Bütünleyici parçanın (muhdesat) arzın paydaşlarına (ortaklarına) değil de üçüncü şahsa ait olduğunun anlaşılması halinde bu kimseyi muhdesat sahibi olarak davaya dahil etme ve ona satış bedelinden pay vermek mümkün değildir.
Somut olaya gelince; davalı ..., dava konusu taşınmazlar hakkında diğer paydaşlarla aralarında yaptıkları rızai taksime göre kendisine düşen 492 parsel sayılı taşınmaz üzerine bağ evi yaptığını ve muhtelif sayıda meyve ağacı diktiğini ileri sürerek muhdesat iddiasında bulunmuştur. Davacılar vekili, davalının muhdesat iddiasını kabul etmediklerini bildirmiş; ancak mahkemece, bu hususta herhangi bir değerlendirme yapılmadığı gibi adı geçen davalıya muhdesat iddiasıyla ilgili olarak dava açmak üzere imkan ve süre de tanınmadığı anlaşılmıştır.

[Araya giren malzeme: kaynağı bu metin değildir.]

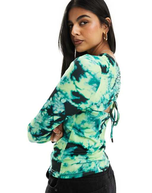Pieces – Langärmliges Jersey-Oberteil mit Batikaufdruck in Blau

Bu durumda mahkemece, taraflar arasında ittifak sağlanamadığı göz önüne alınarak muhdesat iddiasında bulunan davalı ..."ya bu konuda dava açmak üzere uygun bir süre verilmesi ve dava açıldığı takdirde sonucunun beklenmesi; daha sonra gerektiği takdirde bilirkişiden ek rapor alınarak, dava konusu 492 parsel sayılı taşınmazın tespit edilen toplam değerinin ne kadarının arza ne kadarının muhdesata isabet ettiğinin yüzdelik oran kurulmak suretiyle belirlenmesi ve muhdesata isabet eden kısmın muhdesat sahibi paydaşa, geri kalan kısmın ise tapu kaydı ve mirasçılık belgesindeki payları oranında tüm paydaşlara dağıtılması gerekirken, bu hususlar göz ardı edilerek yazılı şekilde hüküm kurulması doğru görülmemiş; bu nedenle dava konusu 492 parsel sayılı taşınmaz yönünden hükmün bozulması gerekmiştir.
SONUÇ: Yukarıda açıklanan nedenlerle davalı ..."nın temyiz itirazlarının kabulü ile dava konusu 492 parsel sayılı taşınmaz yönünden hükmün BOZULMASINA, peşin yatırılan harcın yatırana iadesine, 25.02.2021 tarihinde oy birliğiyle karar verildi.